CFA 10: Sampling and Estimation Flashcards
sampling
Sampling
The process of obtaining a sample.
statistic
Sampling
A quantity computed from or used to describe a sample of data.
sampling plan
Sampling
A set of rules used to select a sample.
simple random sample
Sampling
A subset of a larger population created in such a way that each element of the population has an equal probability of being selected to the subset.
systematic sampling
Sampling
With systematic sampling, we select every Kth member until we have a sample of the desired size. The sample that results from this procedure should be approximately random.
sampling error
Sampling
Any difference between the sample mean and the population mean; teh difference between the observed value of astatistic and the quantity it is intended to estimate.
sampling distribution
Sampling
The sampling distribution of a statistic is the distribution of all the distinct possible values that the statistc can assume when computed from samples of the same size randomly drawn from the same population.
stratified random sampling
Sampling
The population is divided into subpopulations (strata) based on one or more classification criteria. Simple random samples are then drawn from each stratum in sizes proportional to the relative size of each stratum in the population. These samples are then pooled to form a stratified random sample.
indexing
Sampling
An investment strategy in which an investor constructs a portfolio to mirror the performance of a specified index.
The Central Limit Theorem
Distribution of the Sample Mean
The central limit theorem states that for large sample sizes, for any underlying distribution for a random variable, the sampling distribution of the sample mean for that variable will be approximately normal, with mean equal to the population mean for that random variable and variance equal to the population variance divided by sample size.
estimators
Point and Interval Estimates of the Population Mean
An estimation formula; the formula used to compute the sample mean and other sample statistics are examples of estimators.
estimate
Point and Interval Estimates of the Population Mean
The particular value calculated from sample observations using an estimator.
point estimate
Point and Interval Estimates of the Population Mean
A single numerical estimate of an unknown quantity, such as a population parameter.
unbiased estimator
Point and Interval Estimates of the Population Mean
One whose expected value (the mean of its sampling distribution) equals the parameter it is intended to estimate.

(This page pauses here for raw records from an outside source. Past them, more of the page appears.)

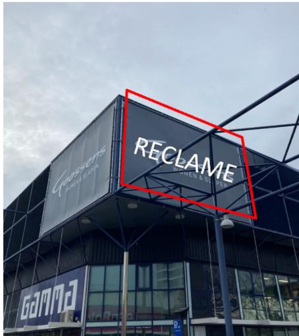
Positie 3 – buitenkant B
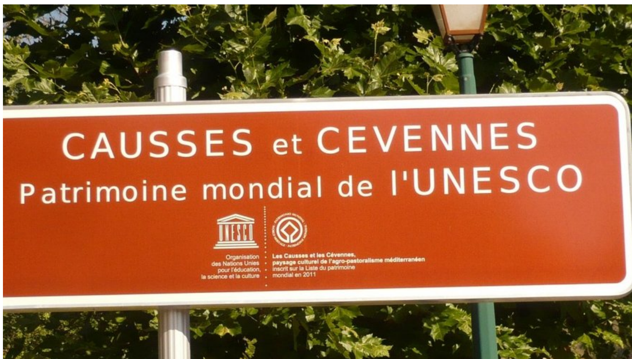
Panneau « Causse et Cévennes ».

Tout le monde parle des Gorges du Tarn entre Florac et Millau en passant par Quézac, La Malène, Sainte Enemie ou les Vignes sur la D907B (Lozère). Et si vous n'avez qu'une seule journée dans le secteur, c'est probablement un très bon choix. Mais si vous cherchez une alternative pour avoir moins de monde ou découvrir d'autres routes, que diriez-vous des Gorges de la Dourbie et des Gorges de la Jonte ?
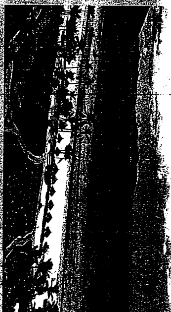
NHA TRANG CITY is a seaside town, also the capital city of Khanh Hoa Province — on the South Central Coast of Vietnam (it's about 1200 kilometers south of Hanoi).

09 September 2015 08:00 - 08:30 Registration 08:30 - 09:00 Opening Ceremony 09:00 - 09:45 Keynote Speaker 09:45 - 10:00 Coffee Break 10:00 - 12:00 Parallel Session I 12:00 - 13:30 Lunch 13:30 - 15:00 Panel Discussion 15:00 - 15:15 Coffee Break 15:15 - 17:00 Parallel Session II 17:00 - 17:30 Closing Ceremony 18:00 - 20:30 Reception Dinner & Cultural Show 10 September 2015 08:00 - 17:00 Cultural Visit 18:00 - 20:00 Dinner
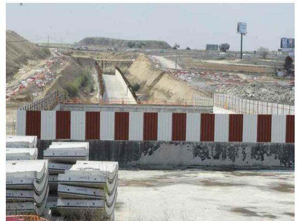
Las obras del tren están paralizadas desde hace más de 5 años.

fraestructura estaba contemplada en el Plan General aprobado desde la Comunidad de Madrid y por el que se crearon los barrios de La Dehesa, El Pinar y San Andrés. Los vecinos de estos desarrollos no pueden ser tratados como ciudadanos de segunda en materia de transporte por la administración regional, que mantiene una situación de agravio
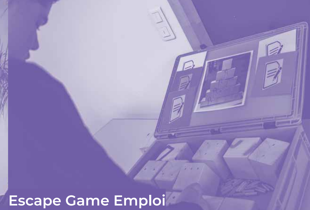
Escape Game Emploi
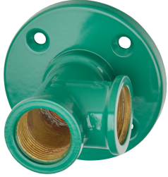
Seinäläpivienti ja kannake hätäsuihkulle
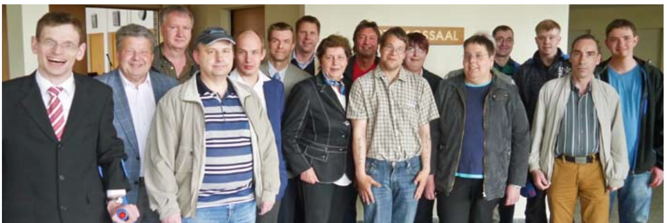
Teilnehmer des Workshops Politik in Hagenow.
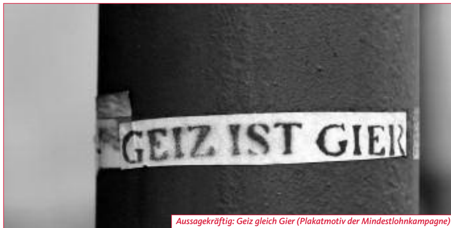
Aussagekräftig: Geiz gleich Gier (Plakatsmotiv der Mindestlohnkampagne)

Die Gewerkschaften starteten schon erste Versuche, Beschäftigte in atypischen und prekären Beschäftigungsverhältnissen zu organisieren: die IGM-Vernetzungsplattform »ZOOM« für LeiharbeiterInnen, die Lidl-Kampagne von ver.di oder die Mindestlohn-
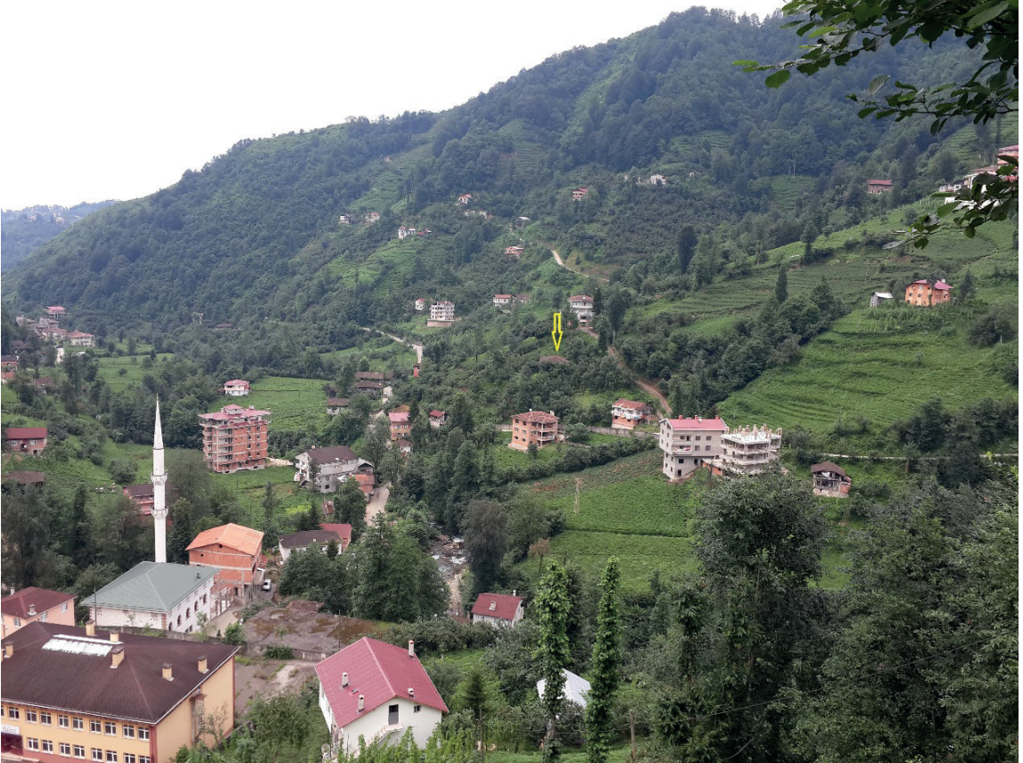
Fotoğraf -1: Dereyurt Köyü'nün genel görünümü. (Cami okla gösterilmiştir.)

İlçe tarafından köye girişte sol tarafta yer alan sıradağlar üzerinde Kılavuz (eski adıyla Muzgar) Köyü bulunmaktadır. Cami, bu köye giden dik meyilli yolun sol tarafında, Dereyurt Köyü'nün köyü gören en güzel yerindedir.
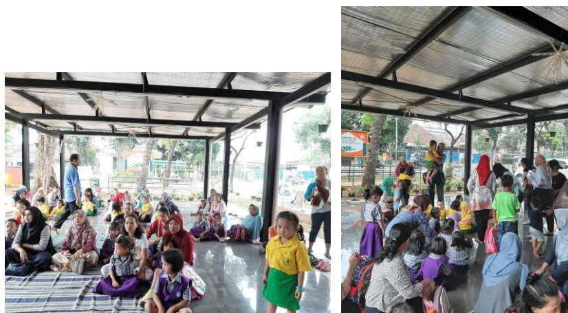
Gambar 3.1 Kegiatan abdimas

Selama mengerjakan tugas mewarnai anak-anak tersebut didampingi oleh guru PAUD dan orang tua. Untuk mendorong anak-anak tersebut menyelesaikan tugasnya, tim dosen DKV dibantu 3 mahasiswa memberikan pengarahan dalam pemilihan warna dan memberikan kebebasan bagi mereka untuk menggunakan warna sesuka hati.
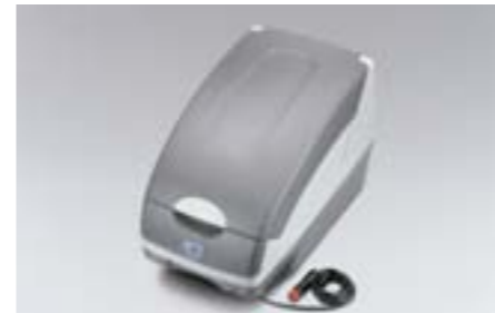
36 Glacière thermoélectrique SEWAYA1000 E Conserve au chaud ou au froid
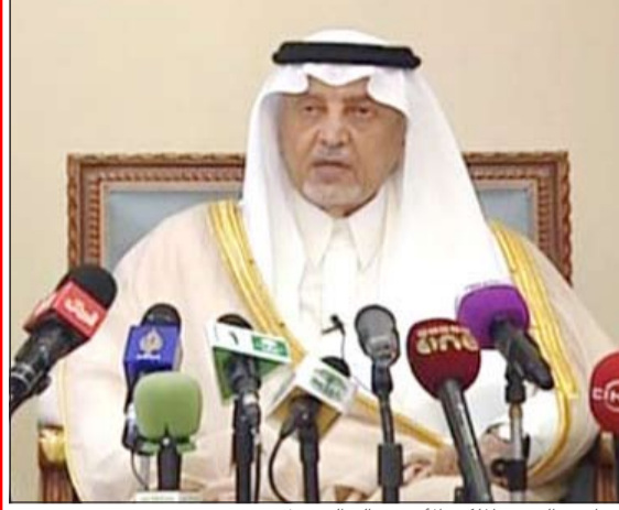
صاحب السمو الملكي الأمير خالد الفيصل
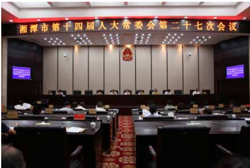
图为湘潭市第十四届人大常委会第二十七次会议会场。

“我向政府建议，一是扶贫资金一定要专款专用，并且要根据贫困户的不同情况，量化扶贫资金的份额；二是在扶贫政策的基础上，要重点改变农民的‘等靠要’思想，鼓励劳动致富。”

efficiency (in an unbiased estimator)
Point and Interval Estimates of the Population Mean
An unbiased estimator is efficient if no other unbiased estimator of the same parameter has a sampling distribution with smaller variance.
consistency (in an estimator)
Point and Interval Estimates of the Population Mean
A consistent estimator is one for which the probability of estimates close to to the value of the population parameter increases as sample size increases.
confidence interval
Point and Interval Estimates of the Population Mean
A confidence interval is a range for which one can assert with a given probability 1-a, called the degree of confidence, that it will contain the parameter it is intended to estimate. This interval is often referred to as the 100(1-a)% confidence interval for the parameter.

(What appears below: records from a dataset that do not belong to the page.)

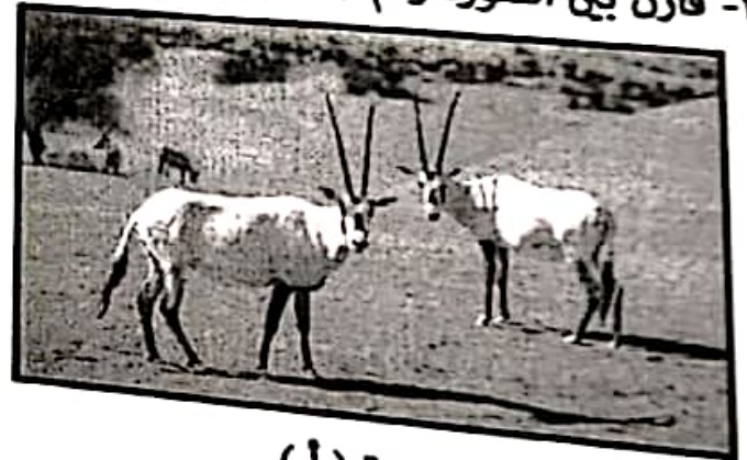
الصورة ( أ )
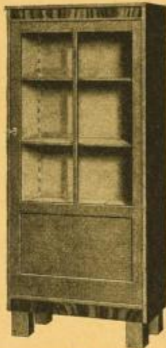
Fortuna Bücherschrank Nr. 140S. 156 cm hoch, 70 cm breit, 34 cm tief . . . 33.— ord.
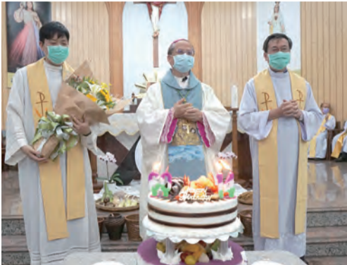
▲桃園總鐸區歡慶60周年暨李主教晉牧14周年
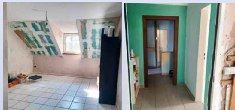
Die Räume sollen tiergerecht werden

Wer dabei helfen möchte, noch vielen weiteren in Not geratenen Tieren eine vorübergehende oder endgültige Bleibe zu bieten, kann sich sehr gern beim BDT-Team melden. Benötigt werden Sachspenden bzw. entsprechende Baumaterialien wie Fliesen, Deckenpanelen, Deckenbeleuchtung, Zu- und Abwasserleitungen, neue Türen etc. Aber direkte Mithilfe durch einen erfahrenen Fliesenleger zum Beispiel würde ebenfalls sehr helfen.
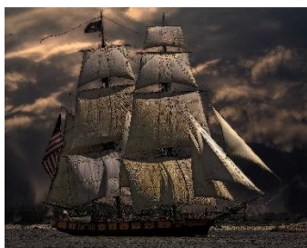
2. żaglowiec –
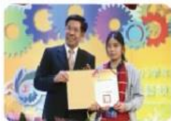
▲工業類學生技藝競賽獲獎
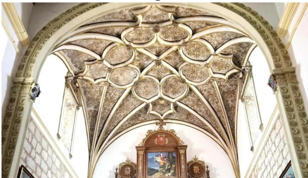
Templo de ntrasra de la piedad zona
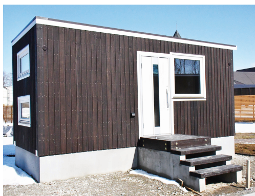
キャンプ場に建設されたキャビン

○ 都市整備課長 現地業務説明会には4社出席しましたが、申請は1社となっています。
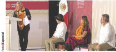
EL PRESIDENTE, el jefe del INPI, la gobernadora y el titular de la SICT, ayer.
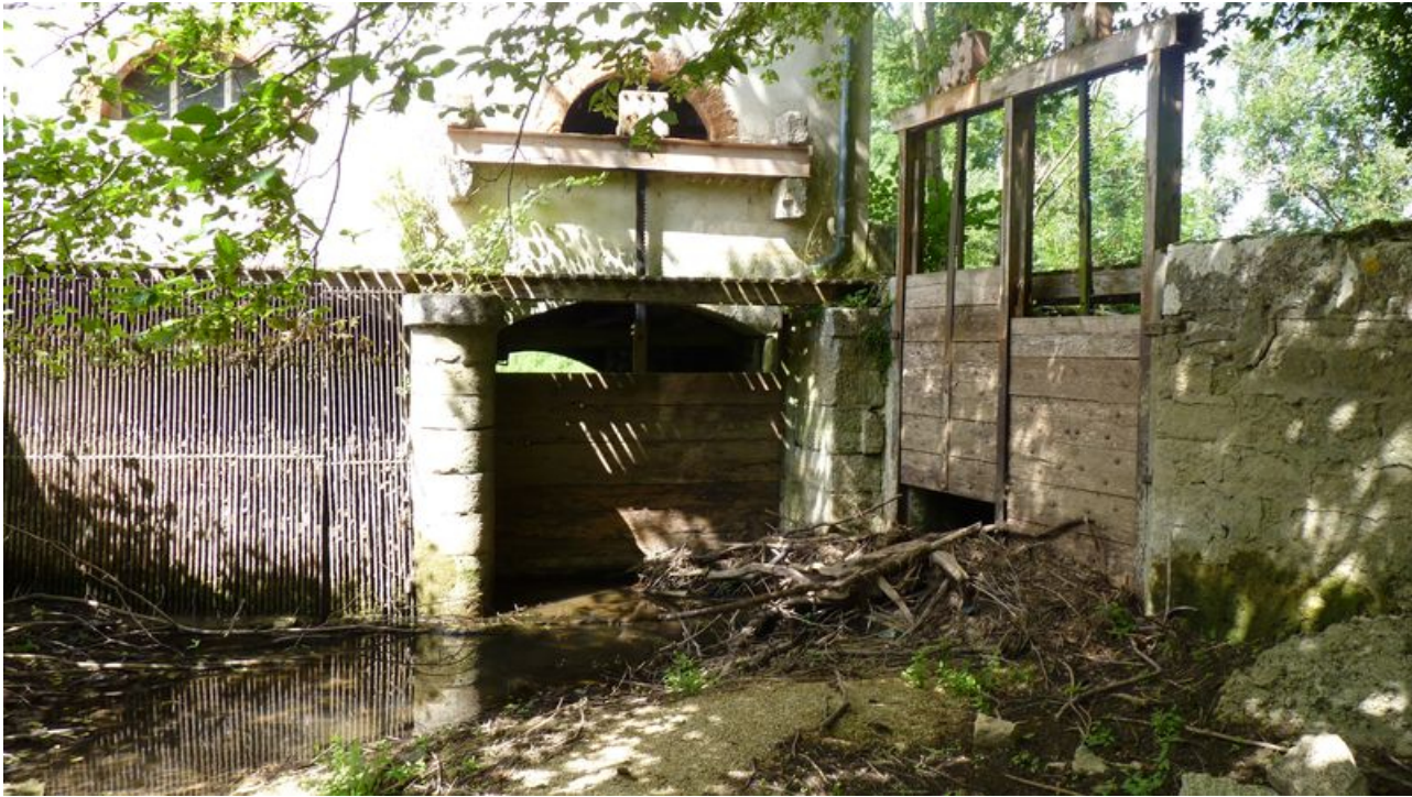
Vue du raccordement du moulin sur le bief.

construction of confidence intervals
Point and Interval Estimates of the Population Mean
A 100(1-a)% confidence interval for a parameter has the following structure:
Point estimate (+/-) Reliability factor x standard error
where
point estimate = a point estimate of the parameter (a value of a sample statistic)
reliability factor = a number based on the assumed distribution of the point estimate and the degree of confidence (1-a) for the confidence interval.
standard error = the standard error of the sample statistic providing the point estimate
degrees of freedom (df)
Point and Interval Estimates of the Population Mean
The number of independent observations used.
data mining
More on Sampling
The practice of determining a model by extensive searching through a dataset for statistically significant patterns.
out-of-sample test
More on Sampling
A test of a strategy or model using a sample outside the time period on which the strategy or model was developed.
intergenerational data mining
More on Sampling
A form of data mining that applies information developed by previous researchers using a dataset to guide current research using the same or a related dataset.
sample selection bias
More on Sampling
When data availability leads to certain assets being excluded from the analysis.
survivorship bias
More on Sampling
The bias resulting from a test design that fails to account for companies that have gone bankrupt, merged, or are otherwise no longer reported in a database.
look-ahead bias
More on Sampling
A bias caused by using information that was unavailable on the test date.
time-period bias
More on Sampling
The possibility that when we use a time-series sample, our statistical conclusion may be sensitive to the starting and ending dates of the sample.